• Provided data:
+ + +

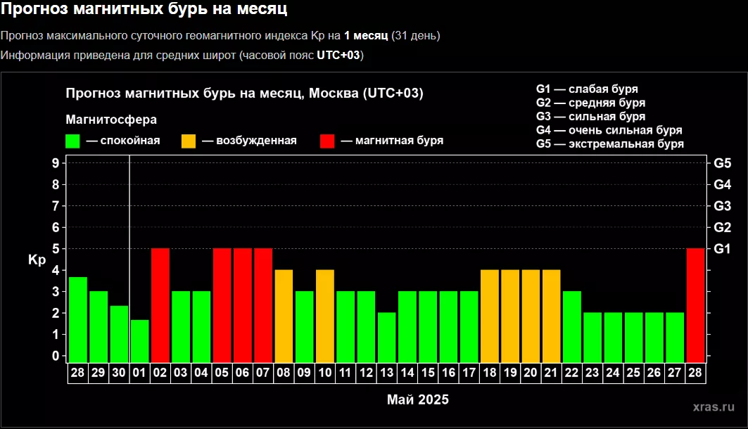 Бури ожидаются 2, 5, 6, 7 и 28 мая. Однако сила возмущения составит 5 баллов из 9, поэтому колебания будут слабыми и не превысят уровня G1.
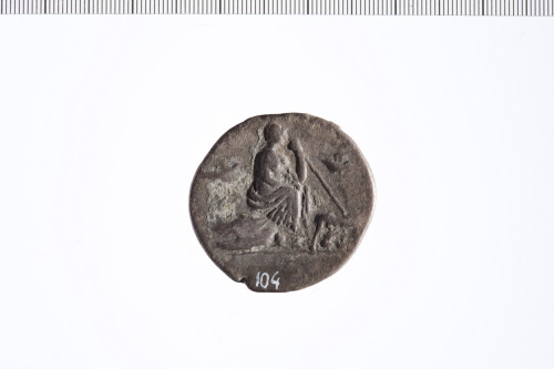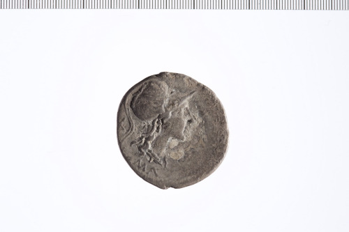Testa elmata di Roma a d. con elmo corinzio e ricciolo sulla spalla s. Contorno perlinato.
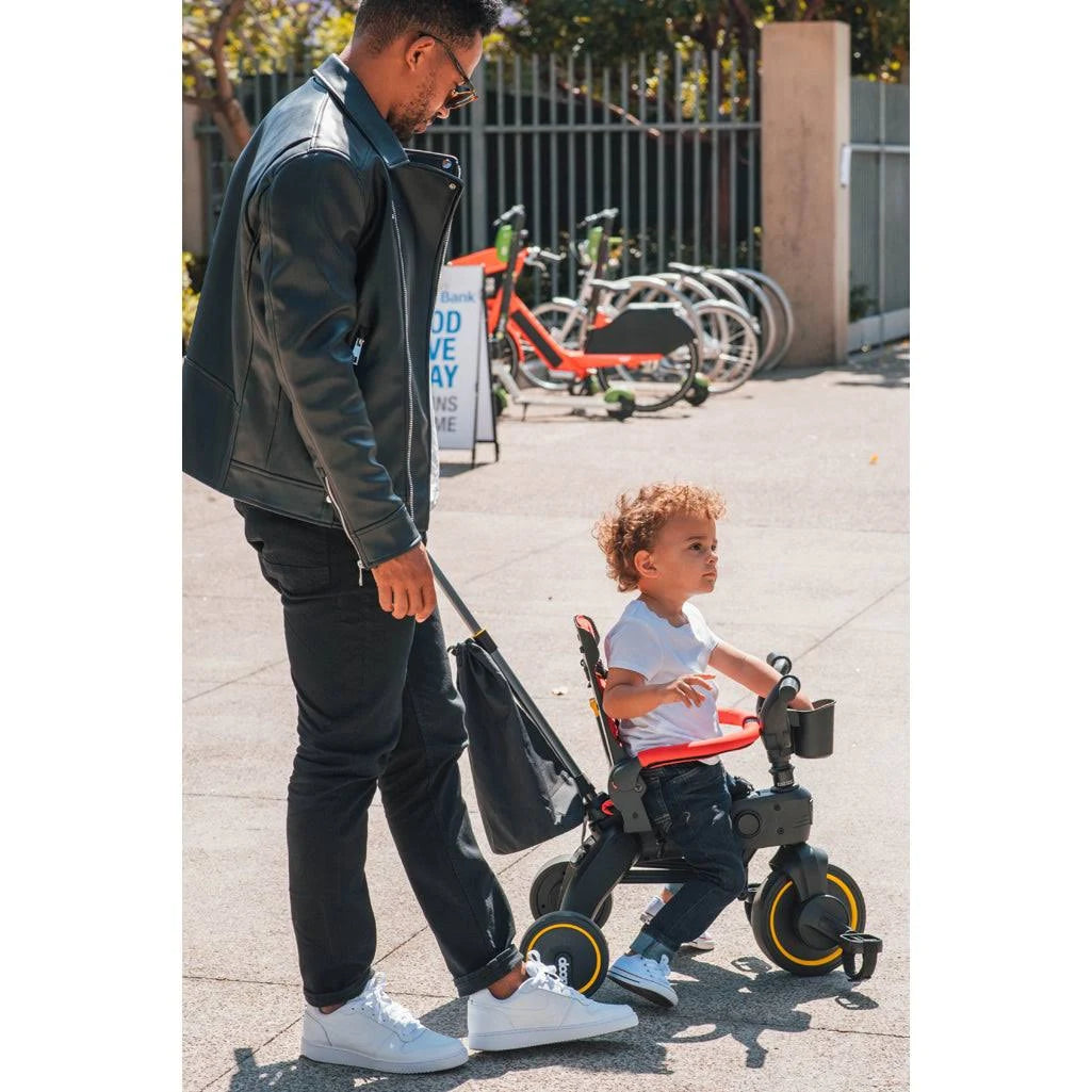 Let's roll with the world's most compact folding trike! The sleekurban design of the Liki Trike allows you to be safe and have fun as it elegantly combines functionality and aesthetics. With its unique and patented small-fold the ingenious trike simply folds and unfolds at the click of a button. Liki allows you to travel comfortably with your child as it fits easily in the boot of your car or the airplanes overhead bin.
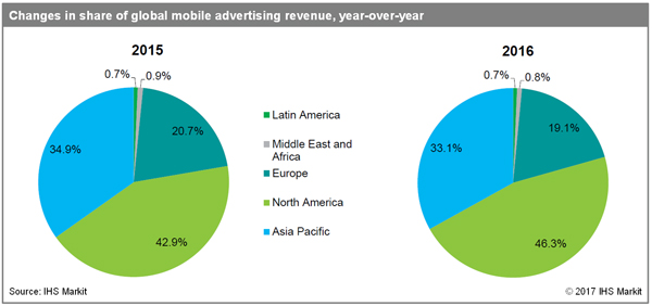 市场研究机构IHS Markit(纳斯达克股票代码:INFO)最新研究指出,受“移动优先”的消费环境和日益改善的营销手段驱动,相较于2015年的520亿美元,2016年全球移动广告业务增长60.5%,达830亿美元(约合630亿欧元)。
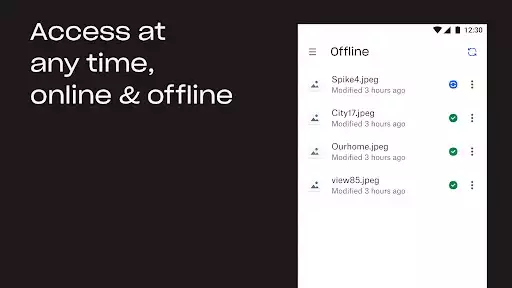 Offline Access: Access your files anytime, anywhere, even without an internet connection.
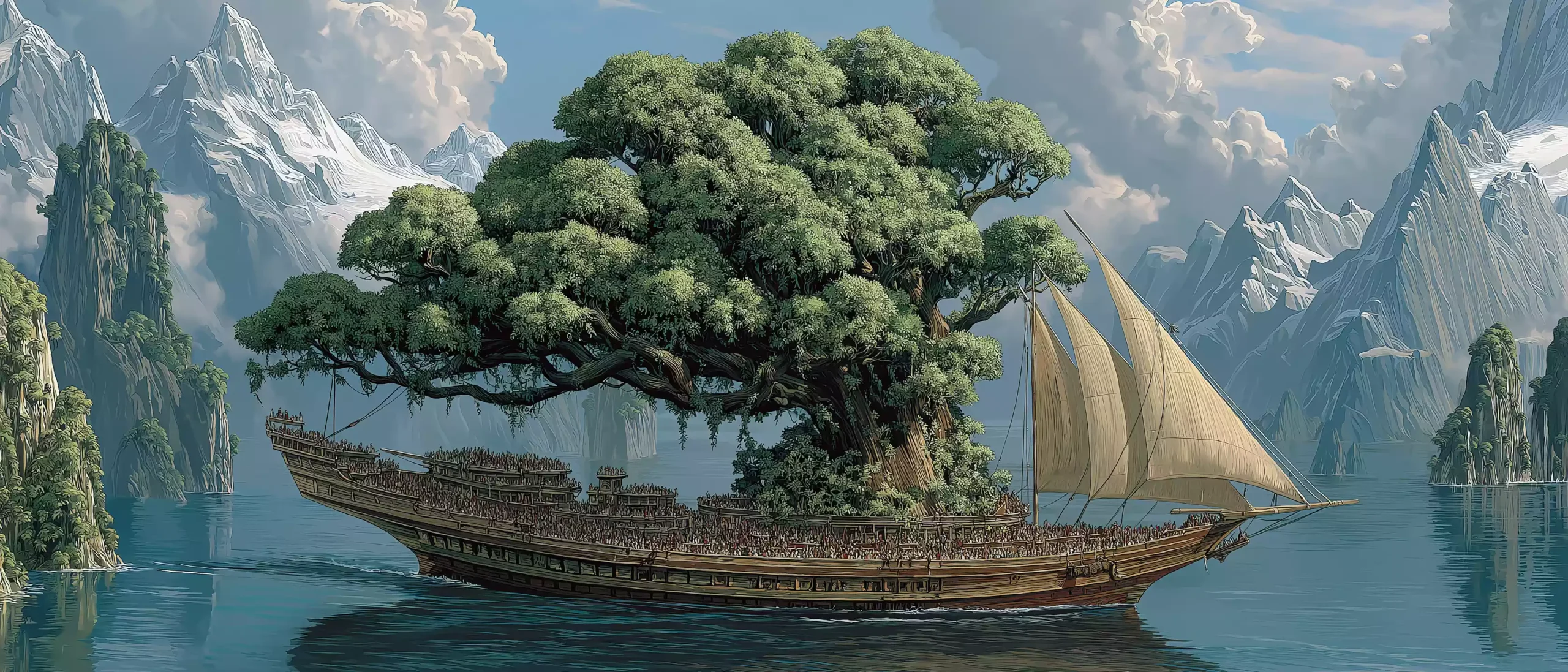 描述:《巧克力方舟:物种基因库》,诺亚方舟载濒危可可树种驶过冰川,船体由全球巧克力品牌 Logo 拼成;青年科学家在云端数据库备份基因链,蓝红光影显 “商业力量守护可可多样性”。
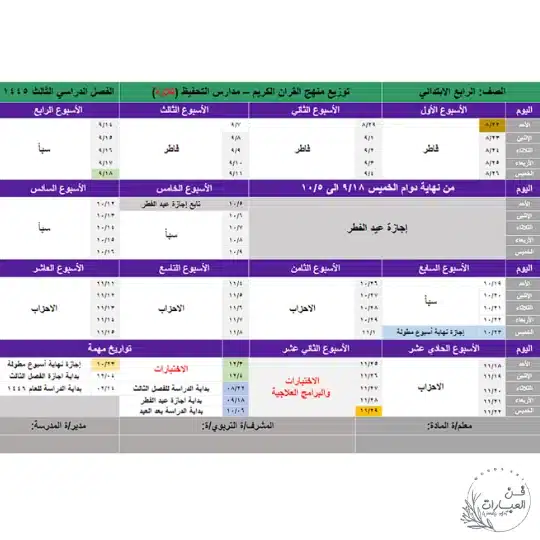 تحميل توزيع منهج القرآن الكريم تلاوة رابع ابتدائي الفصل الدراسي الثالث للعام 1445 هجري
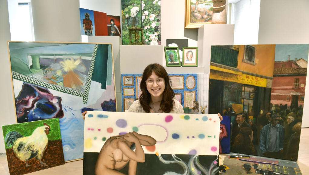 Foto: Matilda SaulCuratorn Maria-Louisa Pfeifer har med ett eget verk i utställningen. Hon visade samma verk i Köpenhamn vid ett genreöverskridande konstevenemang nyligen som bland annat involverade grafisk musik. Ung konst tar Galleri Norden i besittning Kultur 19:00 lördag, 28 mars, 2026 DELA Facebook Mer läsning Fotoutställning som varvar porträtt med rost och frost Kroppslig konst visas på Galleri Norden Svenska kulturfonden ger pris till Maria-Louisa Pfeifer
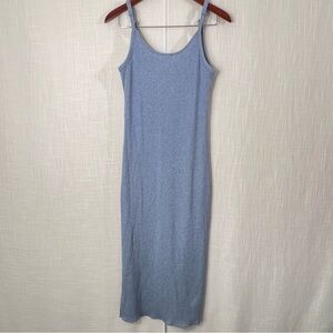 American Eagle Ribbed Stretch Knit Side Slit Soft Blue Bodycon Maxi Dress Size S
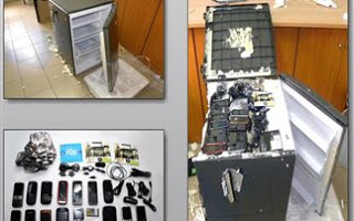 Κατά τον έλεγχο που διενήργησαν σωφρονιστικοί υπάλληλοι στο ψυγείο, βρέθηκαν επιμελώς κρυμμένα στην οροφή του και κατασχέθηκαν 15 κινητά τηλέφωνα, 11καλώδια φορτιστών, 4 αντάπτορες φόρτισης, 3 κάρτες SIM και 2 μπαταρίες κινητών τηλεφώνων. Επιπλέον, κατασχέθηκε το συγκεκριμένο ψυγείο.
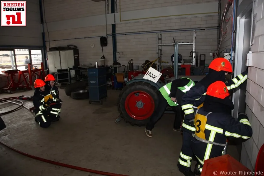 In het scenario voor de junioren vatte een traktor vlam in de werkplaats van een bronbemalingsbedrijf op de Nijverheidsstraat.De brand was overgeslagen op een andere hal alwaar ook een slachtoffer gered moest worden.De aspiranten kregen te maken met een échte brand in een auto elders in een werkplaats in het pand.
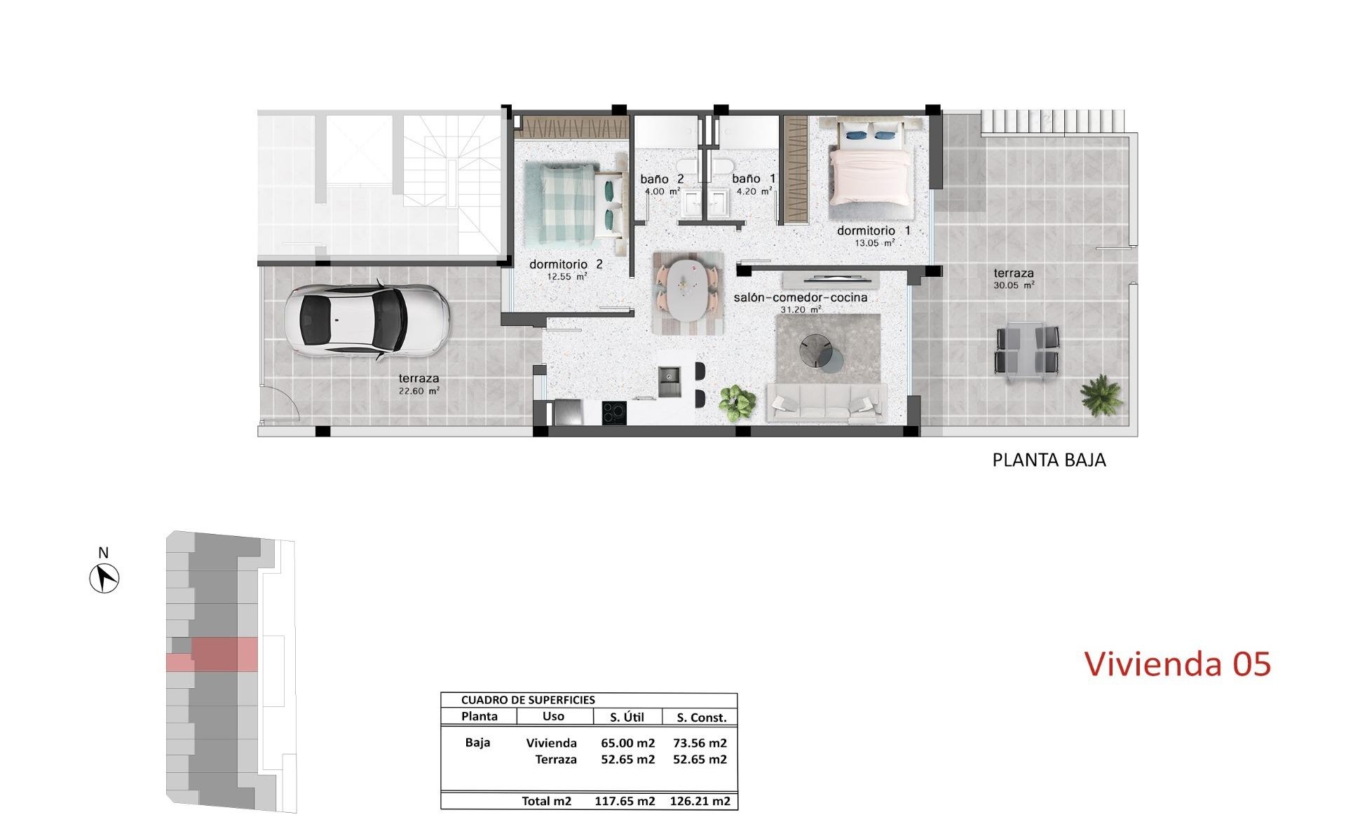 Bungalows modernes exclusifs à Pilar de la HoradadaCe nouveau projet propose 16 bungalows élégants dans la ville de Pilar de la Horadada, située dans la partie la plus méridionale de la Costa Blanca. Vous avez le choix entre des bungalows de 2 ou 3 chambres, chacun doté de 2 salles de bains. Les unités du rez-de-chaussée sont dotées de spacieuses terrasses à l'avant et à l'arrière, offrant un accès direct à la piscine et au jardin communs, tandis que les unités du dernier étage bénéficient d'un grand solarium privé sur le toit. Des espaces de vie spacieux et des équipements modernesChaque bungalow comprend un salon/salle à manger lumineux et ouvert et une cuisine entièrement équipée avec de grandes portes coulissantes qui relient les espaces intérieurs et extérieurs de manière transparente. Les chambres sont équipées d'armoires encastrées. La climatisation est installée et le complexe comprend un ascenseur pour faciliter l'accès aux étages supérieurs. Des places de parking privées sont également incluses pour toutes les unités. Situation privilégiée à Pilar de la HoradadaPilar de la Horadada est une ville espagnole traditionnelle avec une rue principale animée proposant des supermarchés, des boutiques, des restaurants et des bars. Les belles plages de Torre de la Horadada et de Mil Palmeras sont à seulement 5 minutes. Le développement est idéalement situé à 40 km de l'aéroport de Corvera (Murcie) et à 55 km de l'aéroport d'Alicante, ce qui en fait un endroit idéal pour une vie permanente ou des vacances.
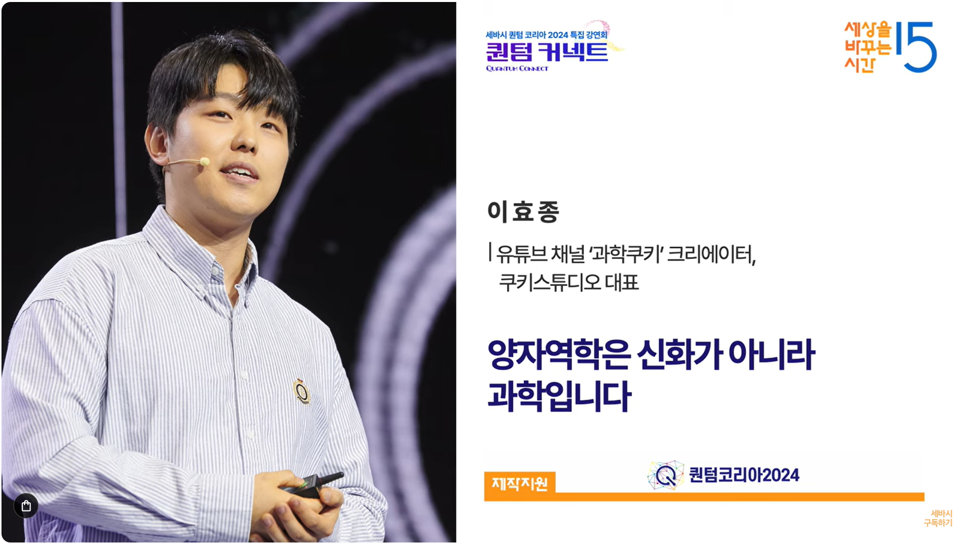 | 세바시 1861회 🧪 보는 것이 믿는 것! 양자역학 현상 관찰을 위한 여정 | 문종철 한국표준과학연구원 책임연구원 (1) | 2025.10.03 |

+ + +

• Assignment: Copy word for word the lines of the records above from the one with "Let's roll with" up to and including the one with "تحميل توزيع منهج". Skip the pictures.

• Reply to the exercise:
 Let's roll with the world's most compact folding trike! The sleekurban design of the Liki Trike allows you to be safe and have fun as it elegantly combines functionality and aesthetics. With its unique and patented small-fold the ingenious trike simply folds and unfolds at the click of a button. Liki allows you to travel comfortably with your child as it fits easily in the boot of your car or the airplanes overhead bin.
 市场研究机构IHS Markit(纳斯达克股票代码:INFO)最新研究指出,受“移动优先”的消费环境和日益改善的营销手段驱动,相较于2015年的520亿美元,2016年全球移动广告业务增长60.5%,达830亿美元(约合630亿欧元)。
 Offline Access: Access your files anytime, anywhere, even without an internet connection.
 描述:《巧克力方舟:物种基因库》,诺亚方舟载濒危可可树种驶过冰川,船体由全球巧克力品牌 Logo 拼成;青年科学家在云端数据库备份基因链,蓝红光影显 “商业力量守护可可多样性”。
 تحميل توزيع منهج القرآن الكريم تلاوة رابع ابتدائي الفصل الدراسي الثالث للعام 1445 هجري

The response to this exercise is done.